Directions: Please write out all of the data below exactly, without including the pictures.

*** Opening of Data extracts ***

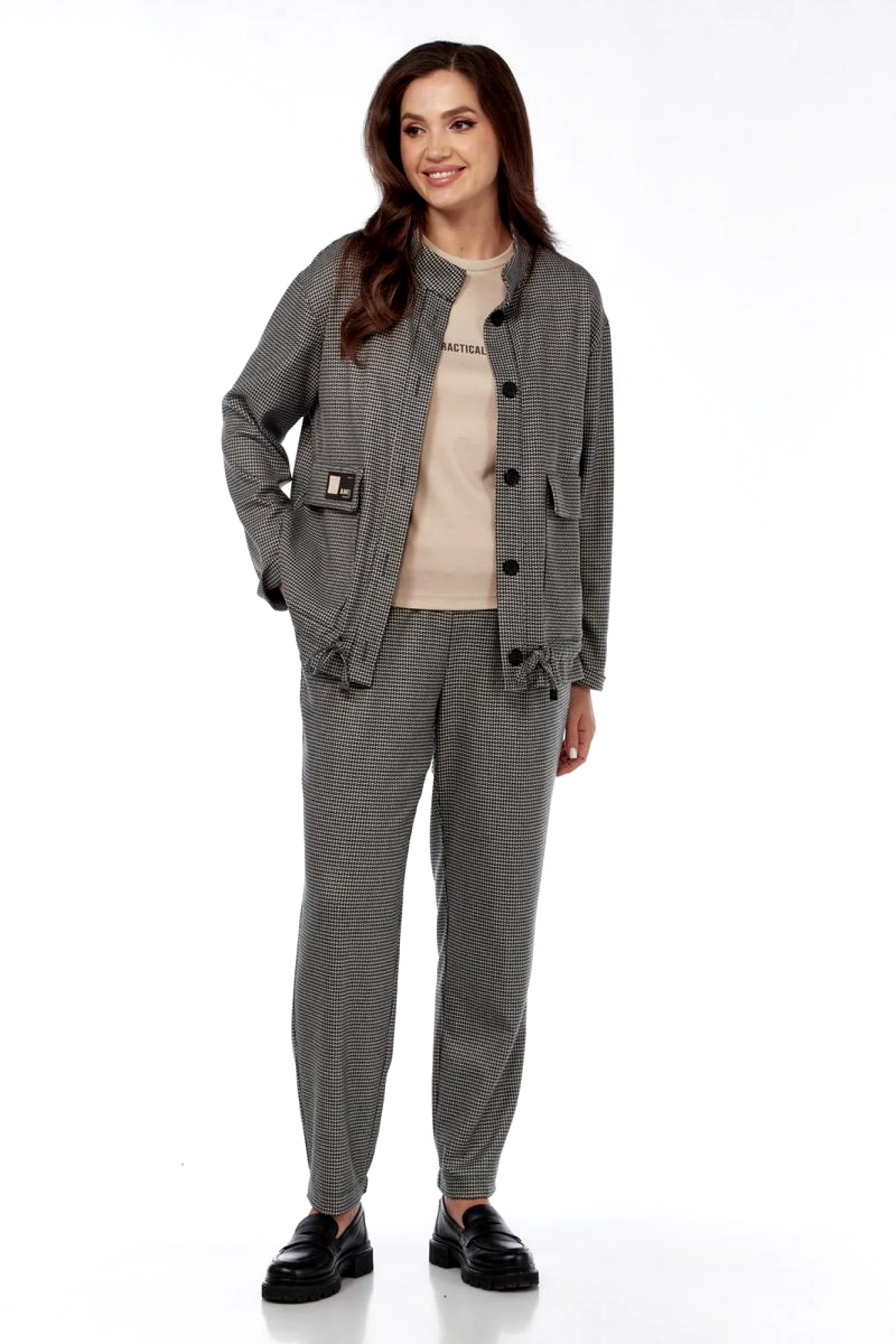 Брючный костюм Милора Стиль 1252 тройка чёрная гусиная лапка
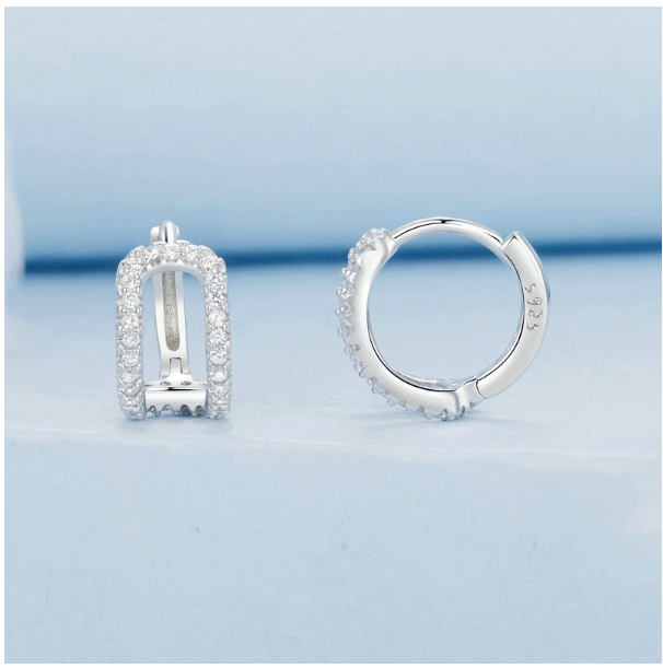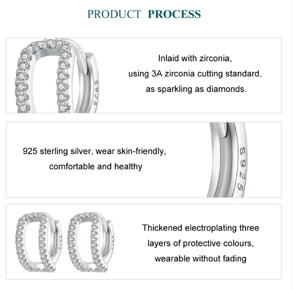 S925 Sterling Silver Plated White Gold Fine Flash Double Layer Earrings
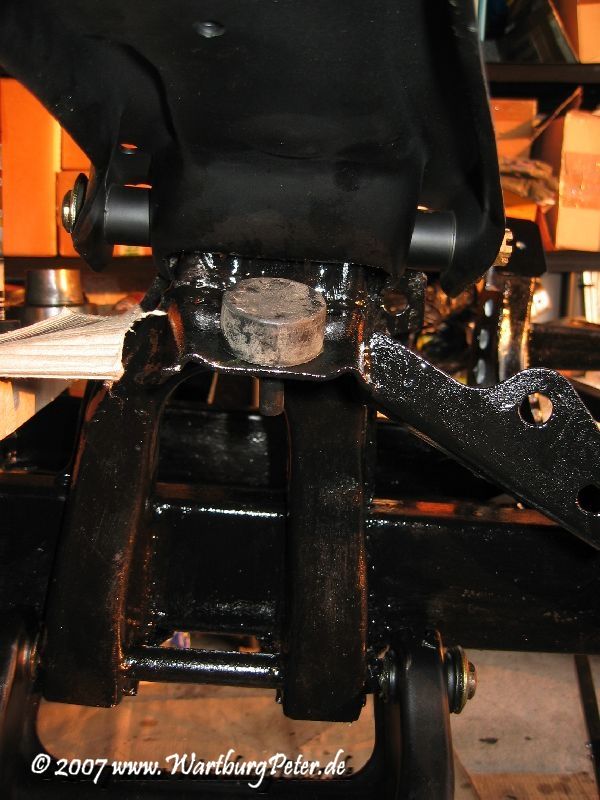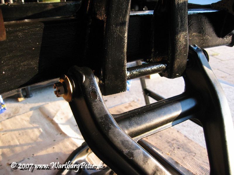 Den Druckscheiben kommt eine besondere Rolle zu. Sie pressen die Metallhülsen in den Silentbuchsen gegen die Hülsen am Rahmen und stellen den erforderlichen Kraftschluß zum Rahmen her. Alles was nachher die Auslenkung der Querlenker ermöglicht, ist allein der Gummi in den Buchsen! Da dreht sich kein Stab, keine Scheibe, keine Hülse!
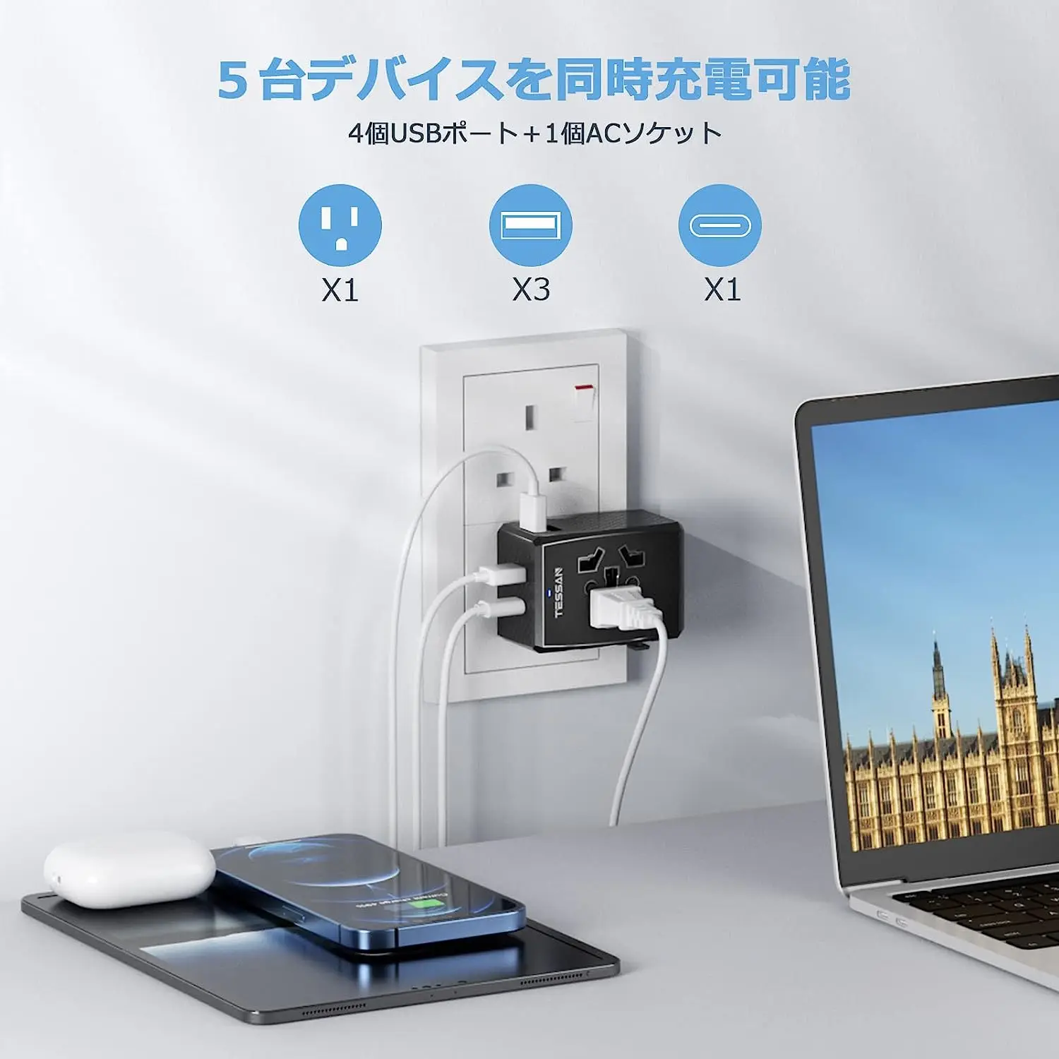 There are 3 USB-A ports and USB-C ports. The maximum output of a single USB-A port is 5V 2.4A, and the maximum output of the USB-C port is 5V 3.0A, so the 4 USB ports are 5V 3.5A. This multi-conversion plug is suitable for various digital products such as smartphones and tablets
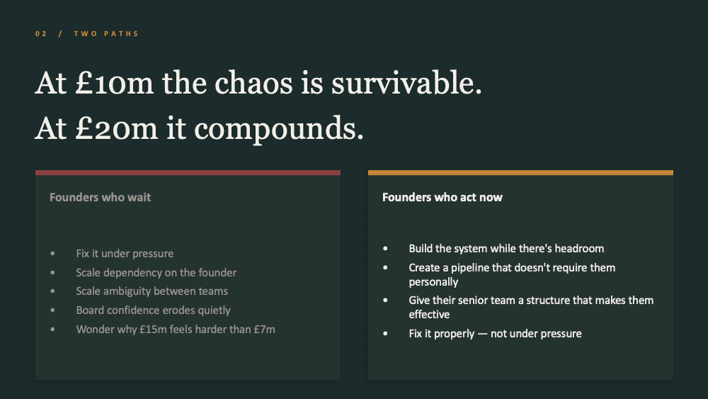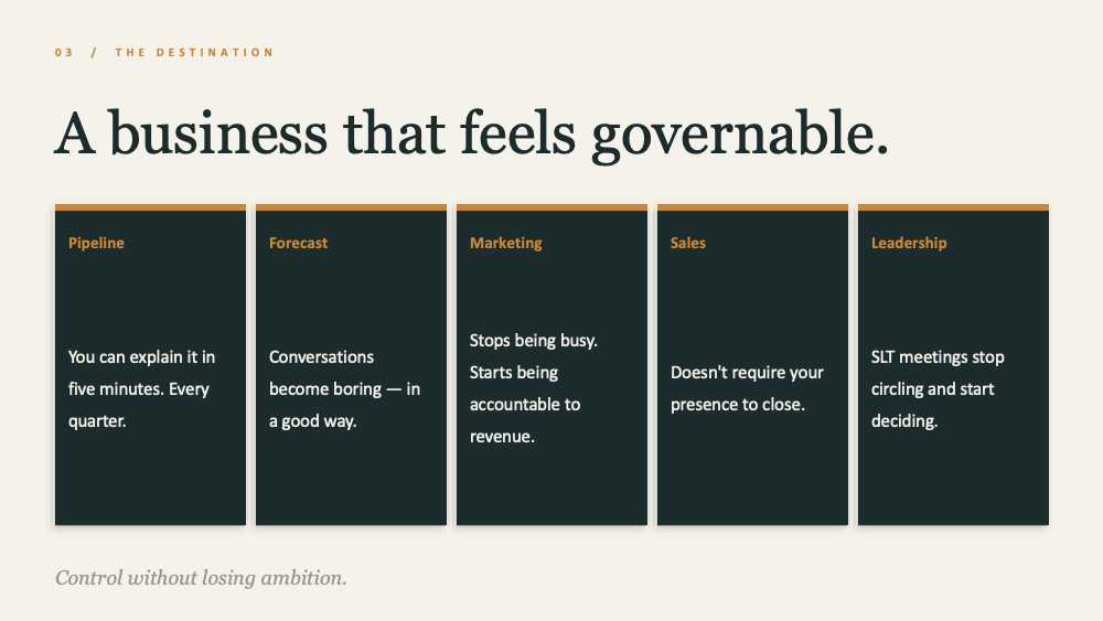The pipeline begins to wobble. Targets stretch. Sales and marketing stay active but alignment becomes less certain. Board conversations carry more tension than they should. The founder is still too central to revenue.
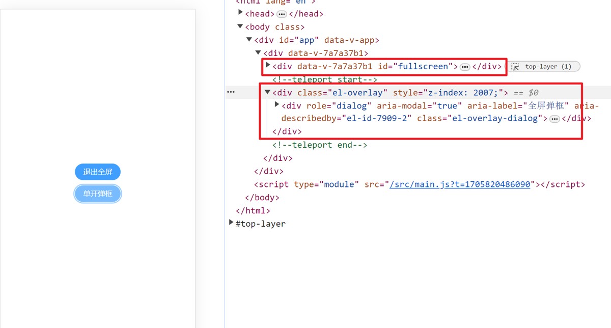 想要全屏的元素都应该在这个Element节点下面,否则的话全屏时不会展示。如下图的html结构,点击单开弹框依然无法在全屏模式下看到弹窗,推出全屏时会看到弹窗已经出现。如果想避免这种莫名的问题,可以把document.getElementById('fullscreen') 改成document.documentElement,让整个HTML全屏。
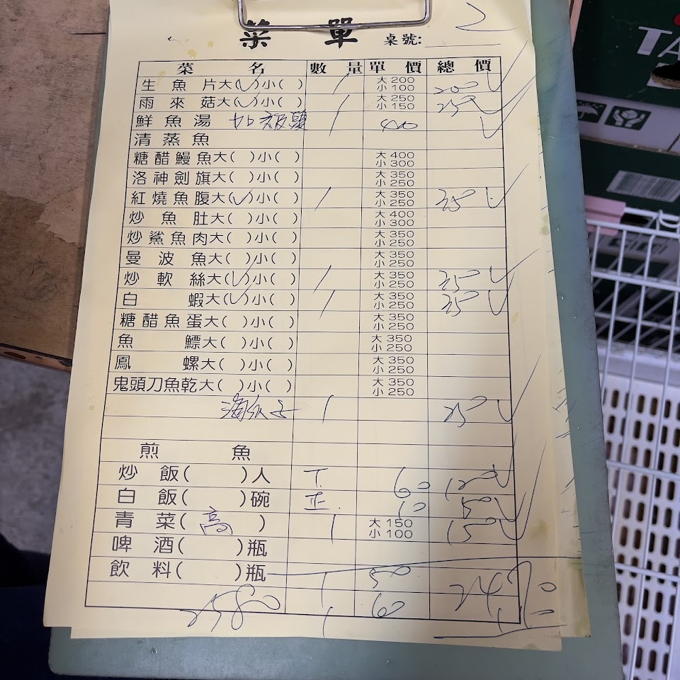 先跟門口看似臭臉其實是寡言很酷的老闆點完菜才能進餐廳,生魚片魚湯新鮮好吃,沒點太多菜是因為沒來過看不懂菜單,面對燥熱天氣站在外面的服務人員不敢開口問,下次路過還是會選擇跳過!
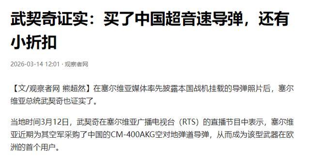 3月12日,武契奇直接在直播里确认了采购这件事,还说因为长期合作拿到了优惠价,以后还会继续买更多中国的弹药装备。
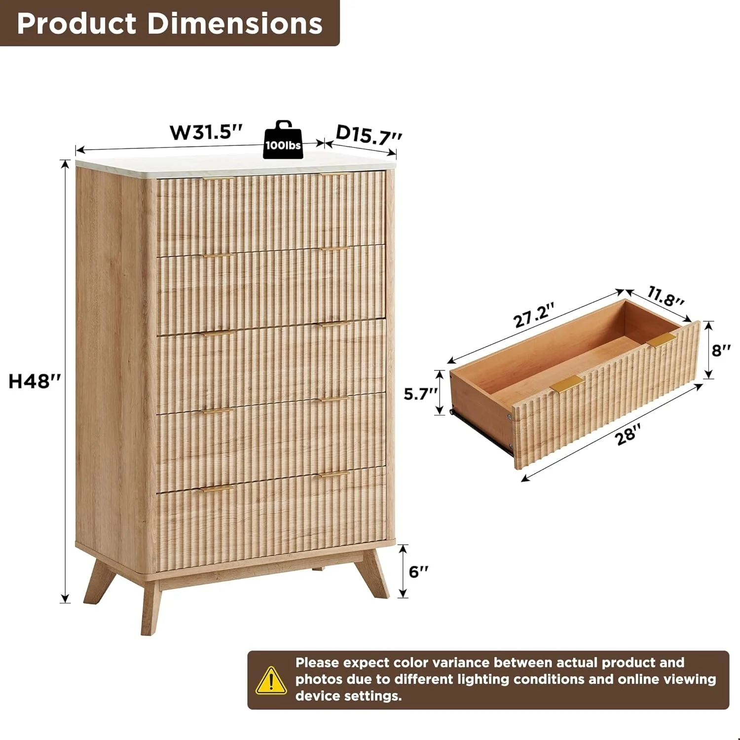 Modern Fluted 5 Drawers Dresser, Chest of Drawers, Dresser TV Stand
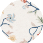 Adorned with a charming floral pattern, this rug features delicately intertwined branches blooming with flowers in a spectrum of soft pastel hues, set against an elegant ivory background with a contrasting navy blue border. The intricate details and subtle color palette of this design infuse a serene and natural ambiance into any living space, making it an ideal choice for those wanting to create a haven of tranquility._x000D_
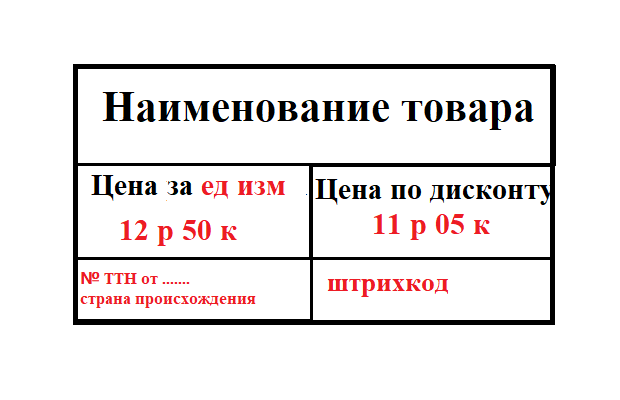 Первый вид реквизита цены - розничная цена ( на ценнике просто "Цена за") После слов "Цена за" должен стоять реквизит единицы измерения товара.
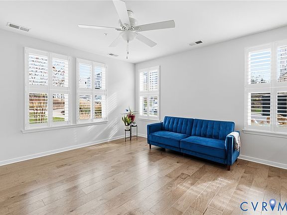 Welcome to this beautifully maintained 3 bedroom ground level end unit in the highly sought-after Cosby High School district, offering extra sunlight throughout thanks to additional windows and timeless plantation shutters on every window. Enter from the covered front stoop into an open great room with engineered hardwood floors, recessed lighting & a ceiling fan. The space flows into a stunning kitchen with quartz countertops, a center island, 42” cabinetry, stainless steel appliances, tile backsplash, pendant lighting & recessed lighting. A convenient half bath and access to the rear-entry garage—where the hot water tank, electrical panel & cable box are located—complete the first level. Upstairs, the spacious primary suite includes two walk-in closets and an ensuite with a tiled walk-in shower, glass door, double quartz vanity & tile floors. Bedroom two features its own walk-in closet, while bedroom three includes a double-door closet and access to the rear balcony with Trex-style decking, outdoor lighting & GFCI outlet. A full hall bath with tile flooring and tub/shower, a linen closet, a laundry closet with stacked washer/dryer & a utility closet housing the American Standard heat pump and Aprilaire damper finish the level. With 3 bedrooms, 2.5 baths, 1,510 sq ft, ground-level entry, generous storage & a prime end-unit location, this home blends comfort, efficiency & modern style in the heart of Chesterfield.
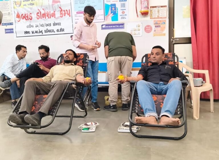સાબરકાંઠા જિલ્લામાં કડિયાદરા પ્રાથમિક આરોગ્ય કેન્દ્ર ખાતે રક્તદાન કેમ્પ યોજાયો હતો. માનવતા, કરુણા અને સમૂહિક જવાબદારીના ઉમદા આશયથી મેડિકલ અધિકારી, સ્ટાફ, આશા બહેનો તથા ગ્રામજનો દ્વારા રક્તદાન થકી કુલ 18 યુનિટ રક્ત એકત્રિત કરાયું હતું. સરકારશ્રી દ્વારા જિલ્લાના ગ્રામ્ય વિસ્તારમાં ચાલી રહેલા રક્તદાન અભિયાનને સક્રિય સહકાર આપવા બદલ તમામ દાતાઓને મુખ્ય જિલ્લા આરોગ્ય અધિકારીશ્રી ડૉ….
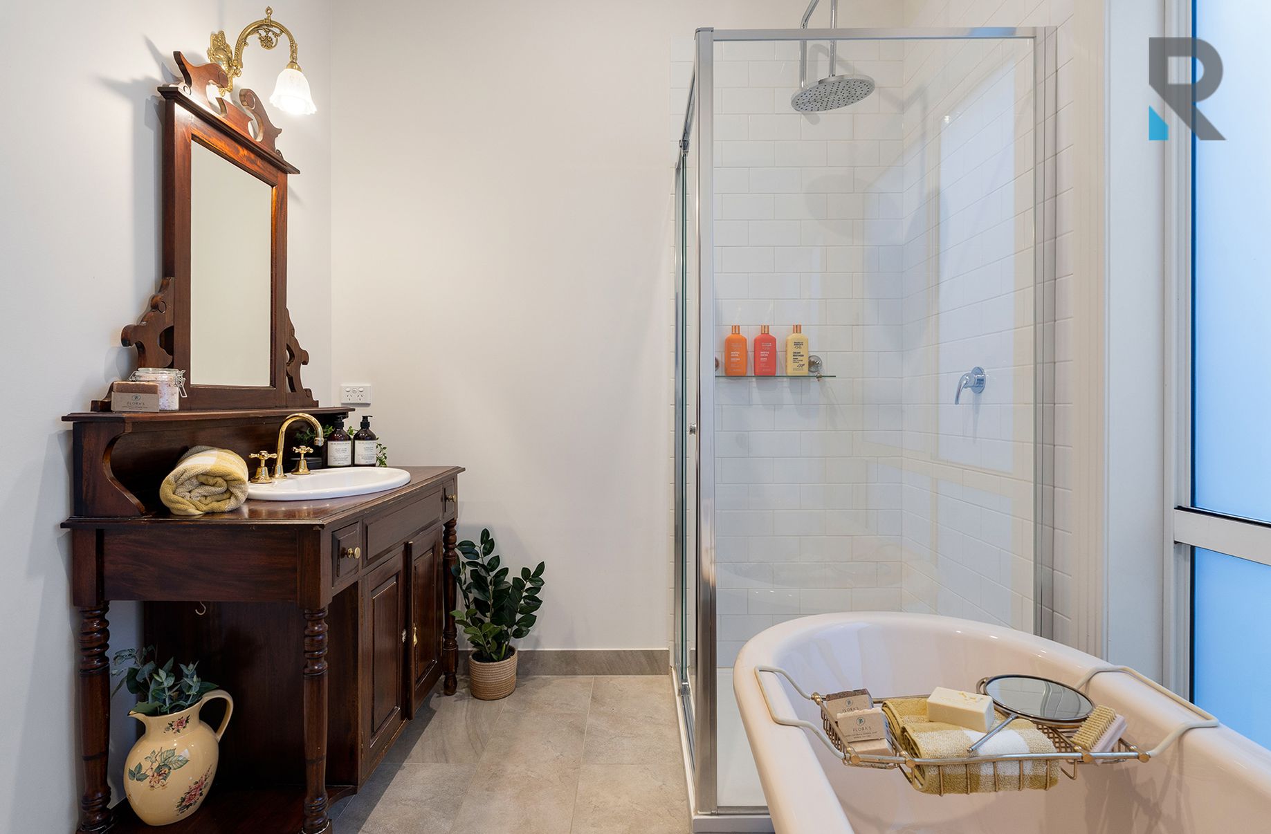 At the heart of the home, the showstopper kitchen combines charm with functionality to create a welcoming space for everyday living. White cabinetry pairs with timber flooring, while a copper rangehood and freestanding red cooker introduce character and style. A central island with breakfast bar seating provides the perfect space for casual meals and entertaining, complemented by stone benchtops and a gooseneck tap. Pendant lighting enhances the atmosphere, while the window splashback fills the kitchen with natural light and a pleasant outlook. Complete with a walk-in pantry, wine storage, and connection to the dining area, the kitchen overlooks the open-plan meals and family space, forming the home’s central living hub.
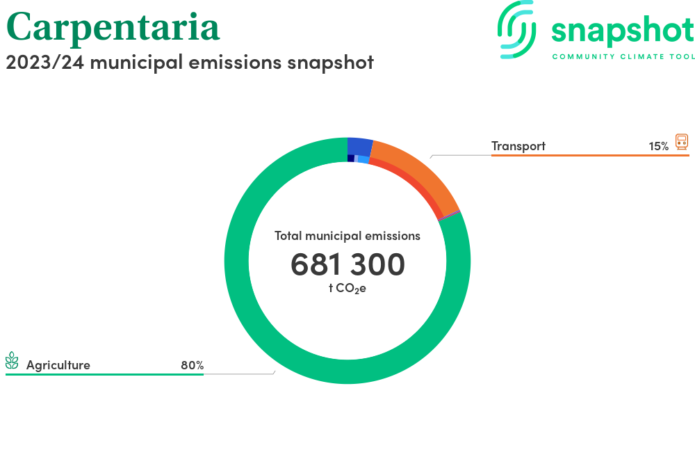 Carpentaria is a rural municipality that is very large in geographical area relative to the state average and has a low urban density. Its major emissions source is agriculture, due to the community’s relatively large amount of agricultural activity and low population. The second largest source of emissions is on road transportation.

*** Close of Data extracts ***

Answer for the task:
 Брючный костюм Милора Стиль 1252 тройка чёрная гусиная лапка
 S925 Sterling Silver Plated White Gold Fine Flash Double Layer Earrings
 Den Druckscheiben kommt eine besondere Rolle zu. Sie pressen die Metallhülsen in den Silentbuchsen gegen die Hülsen am Rahmen und stellen den erforderlichen Kraftschluß zum Rahmen her. Alles was nachher die Auslenkung der Querlenker ermöglicht, ist allein der Gummi in den Buchsen! Da dreht sich kein Stab, keine Scheibe, keine Hülse!
 There are 3 USB-A ports and USB-C ports. The maximum output of a single USB-A port is 5V 2.4A, and the maximum output of the USB-C port is 5V 3.0A, so the 4 USB ports are 5V 3.5A. This multi-conversion plug is suitable for various digital products such as smartphones and tablets
The pipeline begins to wobble. Targets stretch. Sales and marketing stay active but alignment becomes less certain. Board conversations carry more tension than they should. The founder is still too central to revenue.
 想要全屏的元素都应该在这个Element节点下面,否则的话全屏时不会展示。如下图的html结构,点击单开弹框依然无法在全屏模式下看到弹窗,推出全屏时会看到弹窗已经出现。如果想避免这种莫名的问题,可以把document.getElementById('fullscreen') 改成document.documentElement,让整个HTML全屏。
 先跟門口看似臭臉其實是寡言很酷的老闆點完菜才能進餐廳,生魚片魚湯新鮮好吃,沒點太多菜是因為沒來過看不懂菜單,面對燥熱天氣站在外面的服務人員不敢開口問,下次路過還是會選擇跳過!
 3月12日,武契奇直接在直播里确认了采购这件事,还说因为长期合作拿到了优惠价,以后还会继续买更多中国的弹药装备。
 Modern Fluted 5 Drawers Dresser, Chest of Drawers, Dresser TV Stand
 Adorned with a charming floral pattern, this rug features delicately intertwined branches blooming with flowers in a spectrum of soft pastel hues, set against an elegant ivory background with a contrasting navy blue border. The intricate details and subtle color palette of this design infuse a serene and natural ambiance into any living space, making it an ideal choice for those wanting to create a haven of tranquility._x000D_
 Первый вид реквизита цены - розничная цена ( на ценнике просто "Цена за") После слов "Цена за" должен стоять реквизит единицы измерения товара.
 Welcome to this beautifully maintained 3 bedroom ground level end unit in the highly sought-after Cosby High School district, offering extra sunlight throughout thanks to additional windows and timeless plantation shutters on every window. Enter from the covered front stoop into an open great room with engineered hardwood floors, recessed lighting & a ceiling fan. The space flows into a stunning kitchen with quartz countertops, a center island, 42” cabinetry, stainless steel appliances, tile backsplash, pendant lighting & recessed lighting. A convenient half bath and access to the rear-entry garage—where the hot water tank, electrical panel & cable box are located—complete the first level. Upstairs, the spacious primary suite includes two walk-in closets and an ensuite with a tiled walk-in shower, glass door, double quartz vanity & tile floors. Bedroom two features its own walk-in closet, while bedroom three includes a double-door closet and access to the rear balcony with Trex-style decking, outdoor lighting & GFCI outlet. A full hall bath with tile flooring and tub/shower, a linen closet, a laundry closet with stacked washer/dryer & a utility closet housing the American Standard heat pump and Aprilaire damper finish the level. With 3 bedrooms, 2.5 baths, 1,510 sq ft, ground-level entry, generous storage & a prime end-unit location, this home blends comfort, efficiency & modern style in the heart of Chesterfield.
સાબરકાંઠા જિલ્લામાં કડિયાદરા પ્રાથમિક આરોગ્ય કેન્દ્ર ખાતે રક્તદાન કેમ્પ યોજાયો હતો. માનવતા, કરુણા અને સમૂહિક જવાબદારીના ઉમદા આશયથી મેડિકલ અધિકારી, સ્ટાફ, આશા બહેનો તથા ગ્રામજનો દ્વારા રક્તદાન થકી કુલ 18 યુનિટ રક્ત એકત્રિત કરાયું હતું. સરકારશ્રી દ્વારા જિલ્લાના ગ્રામ્ય વિસ્તારમાં ચાલી રહેલા રક્તદાન અભિયાનને સક્રિય સહકાર આપવા બદલ તમામ દાતાઓને મુખ્ય જિલ્લા આરોગ્ય અધિકારીશ્રી ડૉ….
 At the heart of the home, the showstopper kitchen combines charm with functionality to create a welcoming space for everyday living. White cabinetry pairs with timber flooring, while a copper rangehood and freestanding red cooker introduce character and style. A central island with breakfast bar seating provides the perfect space for casual meals and entertaining, complemented by stone benchtops and a gooseneck tap. Pendant lighting enhances the atmosphere, while the window splashback fills the kitchen with natural light and a pleasant outlook. Complete with a walk-in pantry, wine storage, and connection to the dining area, the kitchen overlooks the open-plan meals and family space, forming the home’s central living hub.
 Carpentaria is a rural municipality that is very large in geographical area relative to the state average and has a low urban density. Its major emissions source is agriculture, due to the community’s relatively large amount of agricultural activity and low population. The second largest source of emissions is on road transportation.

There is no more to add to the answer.